**Exercise details**
Output all entries verbatim, dropping pictures.
** Opening Dataset extract block **
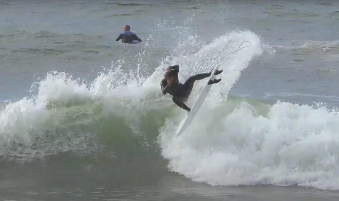 沖合で強く吹いた南西の風によるウインド・スウェルに加えて沿岸でも吹いたオンショアの影響で肩前後までサイズアップを果たした4/16(日)の湘南エリア。
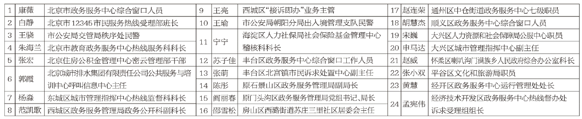 北京市政务服务管理局日前发布了第四届“北京榜样·政务服务之星”评选结果。通过举荐、初评、公示投票、专家评审、会议研究等环节,康薇等24人获评第四届“北京榜样·政务服务之星”荣誉称号,季盛松等26人获“北京榜样·政务服务之星”提名奖,陈卫明等150人获评2022年度“贴心服务标兵”称号。
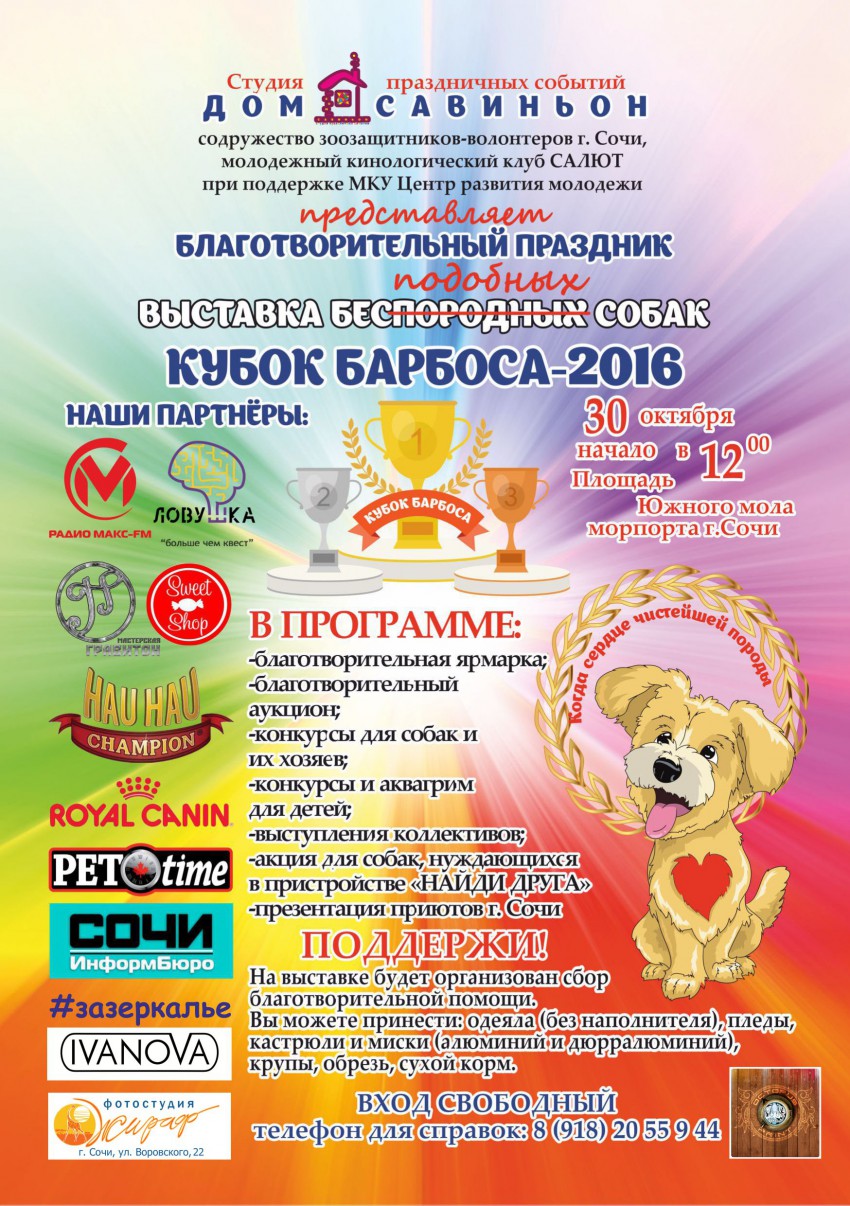 Студия праздничных событий «ДОМ САВИНЬОН», сочинский приют для собак БИМ, молодежный кинологический клуб «САЛЮТ», МКУ «Центр развития молодежи»
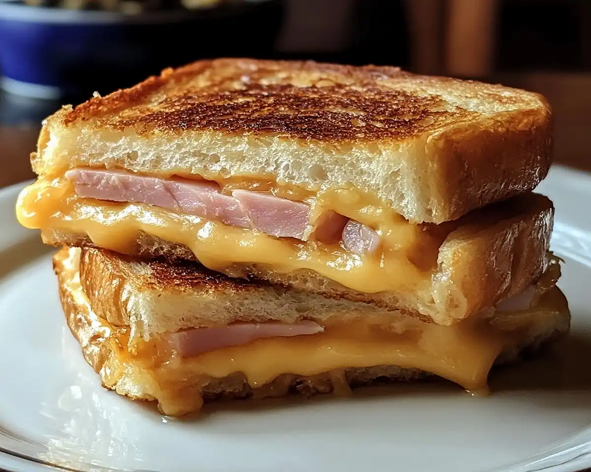 🧱 Astuce architecture du sandwich : Le secret de ce cœur coulant, c’est de bien empiler les couches : cheddar en bas, jambon au milieu, cheddar en haut. Comme ça, le fromage entoure le jambon de tous côtés et fond uniformément vers le centre. Si t’as l’impression que ça déborde, c’est totalement normal — c’est même le signe que t’as mis suffisamment de fromage.
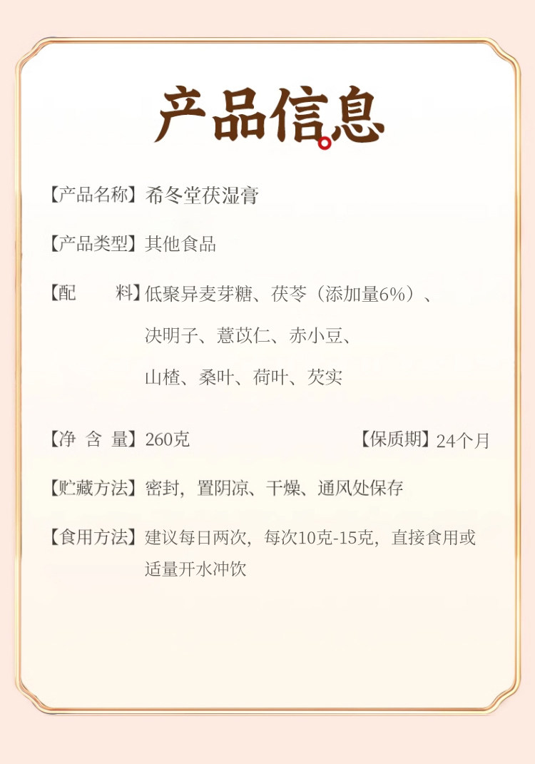 【希冬堂茯湿膏】茯苓薏仁伏湿膏活力代谢膏体湿气正品官方旗舰店
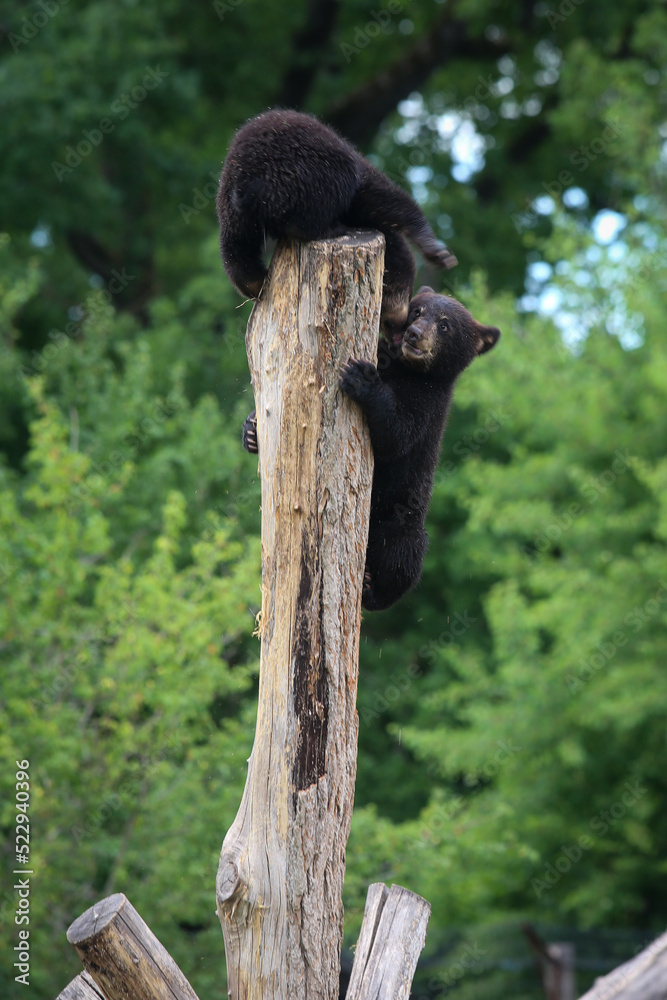 Tableau sur toile Deux oursons sur une branche au parc animalier de Sainte-Croix, en Moselle
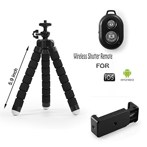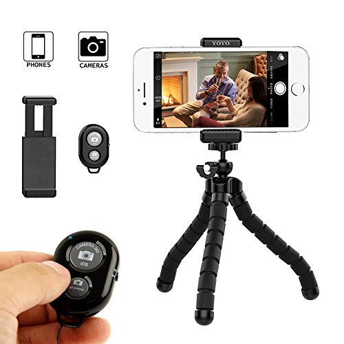 iPhone Tripod,YoYo Stand Holder,Octopus Style Portable and Adjustable with Bluetooth Remote and Universal Clip,Tripod for Android & iOS Phone,Camera (Black)
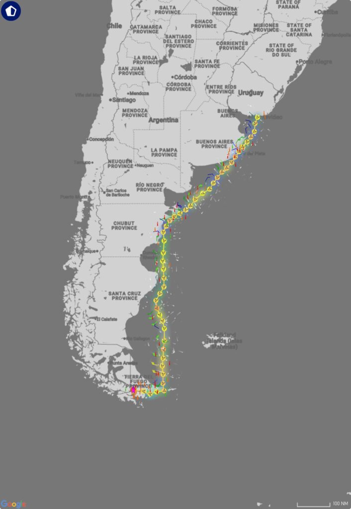 Wir verlassen also Mar del Plata und geniessen erst einmal ein paar Stunden tolles Segeln, so kann es weitergehen (wissen wir eh dass das Wunschdenken ist 😉). Dauert auch nicht lang und wir haben eine flott tropfende Stopfbuchse (eine Stopfbuchse dichtet die rotierende Propellerwelle beim Durchgang durch den Rumpf ab, um Wassereinbruch zu verhindern). Das ist definitiv eine Stelle, wo man nicht möchte dass Wasser ins Boot kommt. Also bergen wir die Segel und stoppen das Boot, damit sich die Welle nicht mehr dreht und Franz versucht mit der Strohhalm Methode das Problem zu lösen. Ganz können wir das Tropfen nicht verhindern, aber wesentlich verlangsamen. Daher entscheiden wir weiter zu fahren und nicht nach Uruguay zurück zu kehren, um das Problem an Land lösen zu lassen. Dazu muss man wissen, dass auf unserem weiteren Weg Möglichkeiten für Reparaturen an Land immer seltenere werden, von dem Erwerb von Ersatzteilen ganz zu schweigen. Und natürlich steht uns auch schon wieder Starkwind von vorne bevor, weshalb wir uns mit der Bahia Janssen unseren ersten Stopp zum Aussitzen ausgesucht haben. Auf dem Weg dorthin bekommen wir es dann noch dicke, die ganze Nacht Am Wind Kurs mit Starkwind immer über 30-40kn. Komfortabel ist echt anders. Ich kann ja wirklich immer und in jeder Position schlafen, aber da hab selbst ich keine Position mehr gefunden, in der ich nicht durch das ganze Bett gerutscht bin. Entsprechend froh sind wir, als wir nach 650sm Bahia Janssen erreichen und unseren Anker fallen lassen. Die Bucht ist zwar nicht super geschützt und dass Boot rollt schon erheblich, aber der Ankergrund ist gut und der Anker hält bombenfest. Auch hier gibt es Pinguine und ich wusste bis dahin gar nicht wie diese Tiere stinken können. Wir liegen c.a. 800m vom Ufer entfern und riechen es sehr deutlich 😖. Am nächsten Tag nach Mittag geht es schon weiter Richtung Süden. Die Landschaft verändert sich zusehends. Weniger Infrastruktur, mehr Natur. Draussen wird es immer frischer und wir sind wieder einmal dankbar für unser festes Steuerhaus, wo wir warm und trocken sitzen. Auch unsere Dieselheizung und die Motorheizung kommen immer öfter zum Einsatz.
** Closing Dataset extract block **
**Reply**
 沖合で強く吹いた南西の風によるウインド・スウェルに加えて沿岸でも吹いたオンショアの影響で肩前後までサイズアップを果たした4/16(日)の湘南エリア。
 北京市政务服务管理局日前发布了第四届“北京榜样·政务服务之星”评选结果。通过举荐、初评、公示投票、专家评审、会议研究等环节,康薇等24人获评第四届“北京榜样·政务服务之星”荣誉称号,季盛松等26人获“北京榜样·政务服务之星”提名奖,陈卫明等150人获评2022年度“贴心服务标兵”称号。
 Студия праздничных событий «ДОМ САВИНЬОН», сочинский приют для собак БИМ, молодежный кинологический клуб «САЛЮТ», МКУ «Центр развития молодежи»
 🧱 Astuce architecture du sandwich : Le secret de ce cœur coulant, c’est de bien empiler les couches : cheddar en bas, jambon au milieu, cheddar en haut. Comme ça, le fromage entoure le jambon de tous côtés et fond uniformément vers le centre. Si t’as l’impression que ça déborde, c’est totalement normal — c’est même le signe que t’as mis suffisamment de fromage.
 【希冬堂茯湿膏】茯苓薏仁伏湿膏活力代谢膏体湿气正品官方旗舰店
 Tableau sur toile Deux oursons sur une branche au parc animalier de Sainte-Croix, en Moselle
 iPhone Tripod,YoYo Stand Holder,Octopus Style Portable and Adjustable with Bluetooth Remote and Universal Clip,Tripod for Android & iOS Phone,Camera (Black)
 Wir verlassen also Mar del Plata und geniessen erst einmal ein paar Stunden tolles Segeln, so kann es weitergehen (wissen wir eh dass das Wunschdenken ist 😉). Dauert auch nicht lang und wir haben eine flott tropfende Stopfbuchse (eine Stopfbuchse dichtet die rotierende Propellerwelle beim Durchgang durch den Rumpf ab, um Wassereinbruch zu verhindern). Das ist definitiv eine Stelle, wo man nicht möchte dass Wasser ins Boot kommt. Also bergen wir die Segel und stoppen das Boot, damit sich die Welle nicht mehr dreht und Franz versucht mit der Strohhalm Methode das Problem zu lösen. Ganz können wir das Tropfen nicht verhindern, aber wesentlich verlangsamen. Daher entscheiden wir weiter zu fahren und nicht nach Uruguay zurück zu kehren, um das Problem an Land lösen zu lassen. Dazu muss man wissen, dass auf unserem weiteren Weg Möglichkeiten für Reparaturen an Land immer seltenere werden, von dem Erwerb von Ersatzteilen ganz zu schweigen. Und natürlich steht uns auch schon wieder Starkwind von vorne bevor, weshalb wir uns mit der Bahia Janssen unseren ersten Stopp zum Aussitzen ausgesucht haben. Auf dem Weg dorthin bekommen wir es dann noch dicke, die ganze Nacht Am Wind Kurs mit Starkwind immer über 30-40kn. Komfortabel ist echt anders. Ich kann ja wirklich immer und in jeder Position schlafen, aber da hab selbst ich keine Position mehr gefunden, in der ich nicht durch das ganze Bett gerutscht bin. Entsprechend froh sind wir, als wir nach 650sm Bahia Janssen erreichen und unseren Anker fallen lassen. Die Bucht ist zwar nicht super geschützt und dass Boot rollt schon erheblich, aber der Ankergrund ist gut und der Anker hält bombenfest. Auch hier gibt es Pinguine und ich wusste bis dahin gar nicht wie diese Tiere stinken können. Wir liegen c.a. 800m vom Ufer entfern und riechen es sehr deutlich 😖. Am nächsten Tag nach Mittag geht es schon weiter Richtung Süden. Die Landschaft verändert sich zusehends. Weniger Infrastruktur, mehr Natur. Draussen wird es immer frischer und wir sind wieder einmal dankbar für unser festes Steuerhaus, wo wir warm und trocken sitzen. Auch unsere Dieselheizung und die Motorheizung kommen immer öfter zum Einsatz.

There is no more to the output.